Sierra Chata marcó récord y la generación creció por encima del sistema
La producción de gas promedió 14,3 millones de metros cúbicos diarios, un 10% más que en el mismo período de 2025. El aporte principal llegó de Sierra Chata, que alcanzó un récord de 7,4 millones de metros cúbicos diarios a la tenencia de Pampa, con una suba interanual del 95% impulsada por la puesta en producción de cuatro pozos nuevos. El archivo oficial confirma la tendencia: junio fue el mes de mayor volumen del año en el bloque, con 9,3 millones de metros cúbicos diarios de producción bruta operada. La compañía también participa del desarrollo de gas de Rincón del Mangrullo junto a YPF.

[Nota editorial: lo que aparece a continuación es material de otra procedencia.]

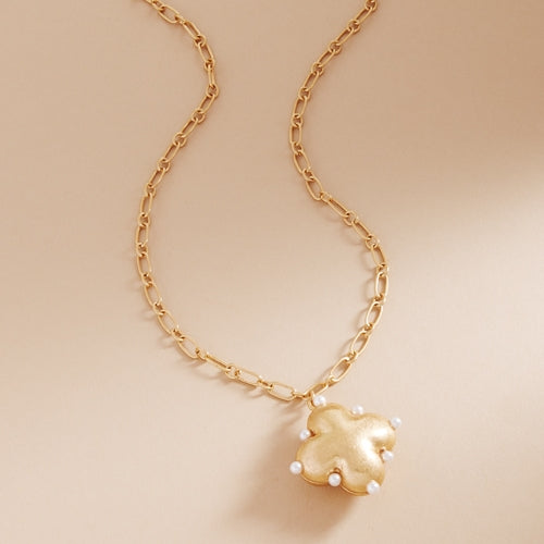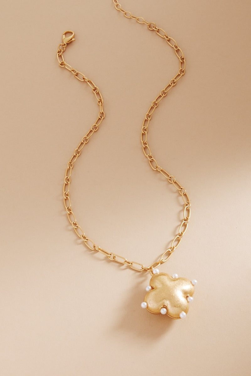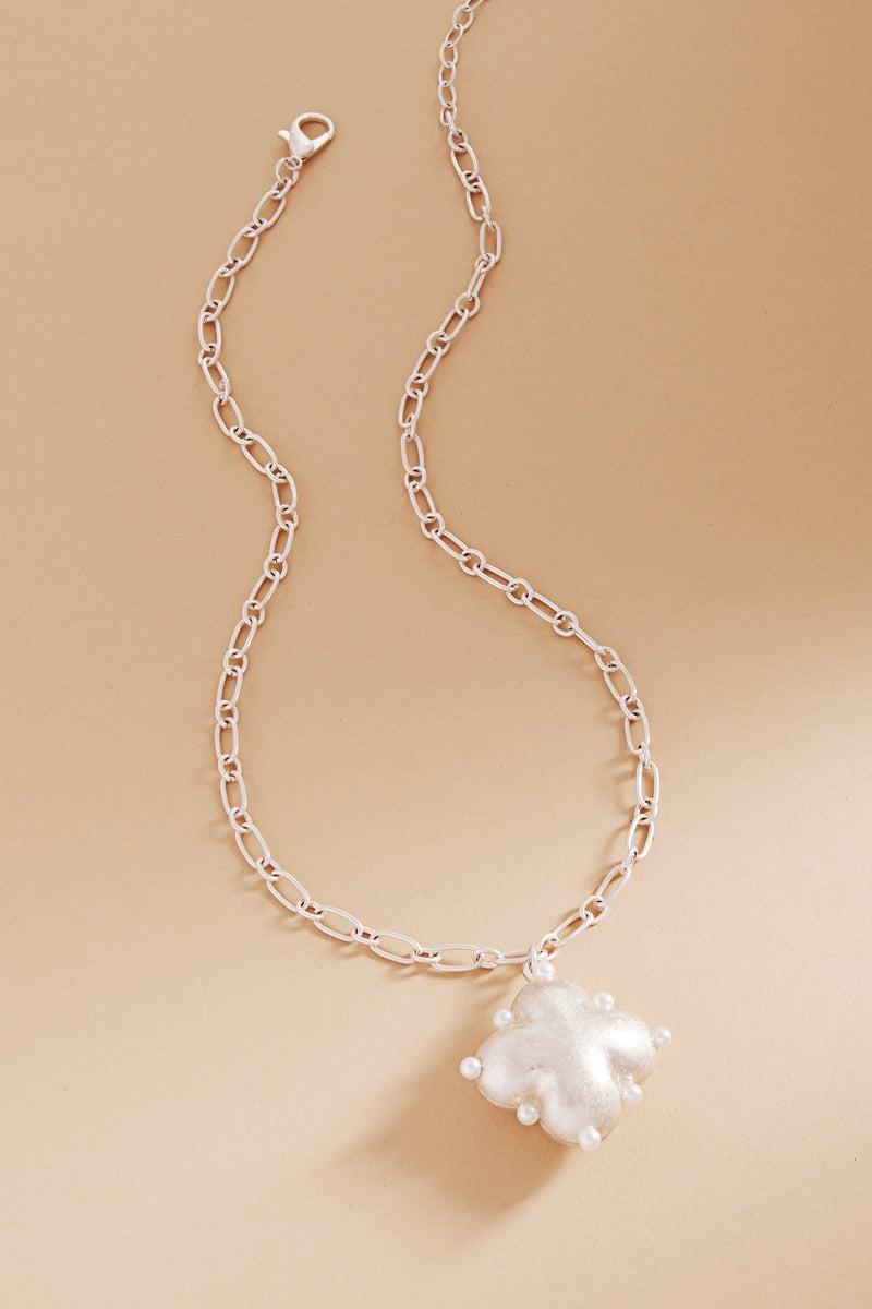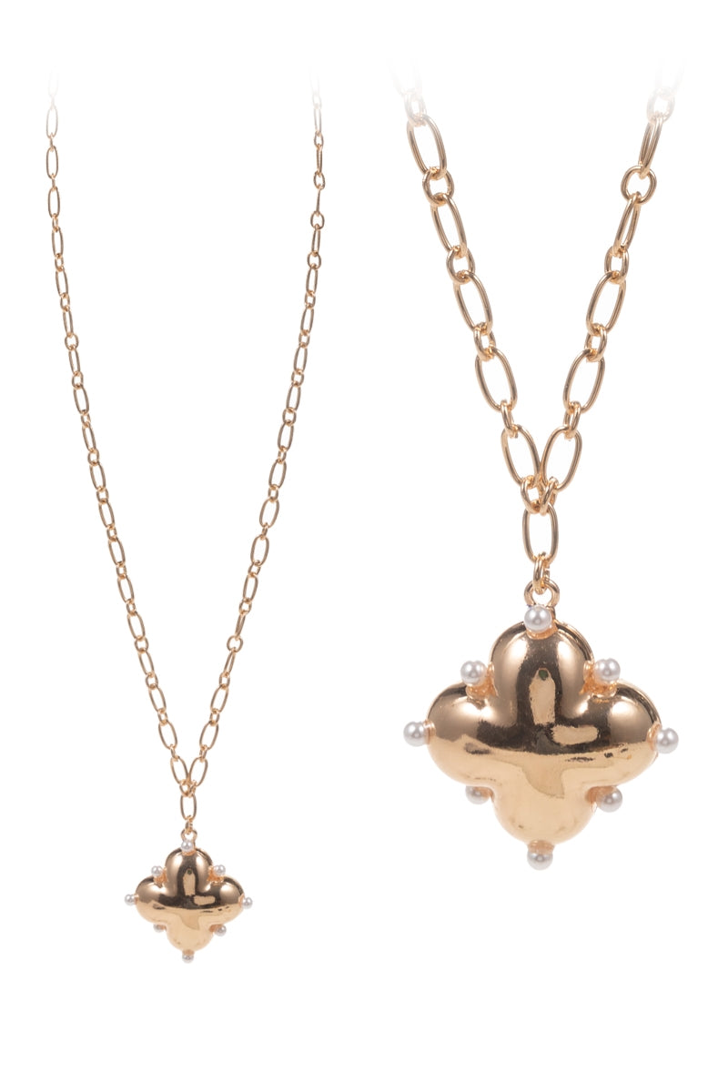 Quatrefoil Puffy With Pearl Rim Detail Short Necklace

En generación eléctrica, la producción subió 14% interanual y creció por encima del sistema argentino en su conjunto. La compañía atribuye el desempeño a la mayor integración entre su producción propia de gas y sus centrales térmicas.
El resultado del trimestre combina el salto de hidrocarburos con el margen de generación y con el aporte de las participaciones en Transener y TGS. Transener sumó u$s 22 millones de EBITDA a la tenencia de Pampa, con una suba interanual del 54%, luego de una serie de aumentos tarifarios que en junio pasaron a ser dictados por el nuevo ente regulador del gas y la electricidad.
La deuda neta cerró junio en u$s 1.319 millones, contra u$s 801 millones tres meses antes, con un apalancamiento neto de 1,4 veces el EBITDA de los últimos doce meses. La compañía sostiene que, aun con el plan de inversiones en marcha, conserva una elevada posición de liquidez y un perfil de vencimientos holgado.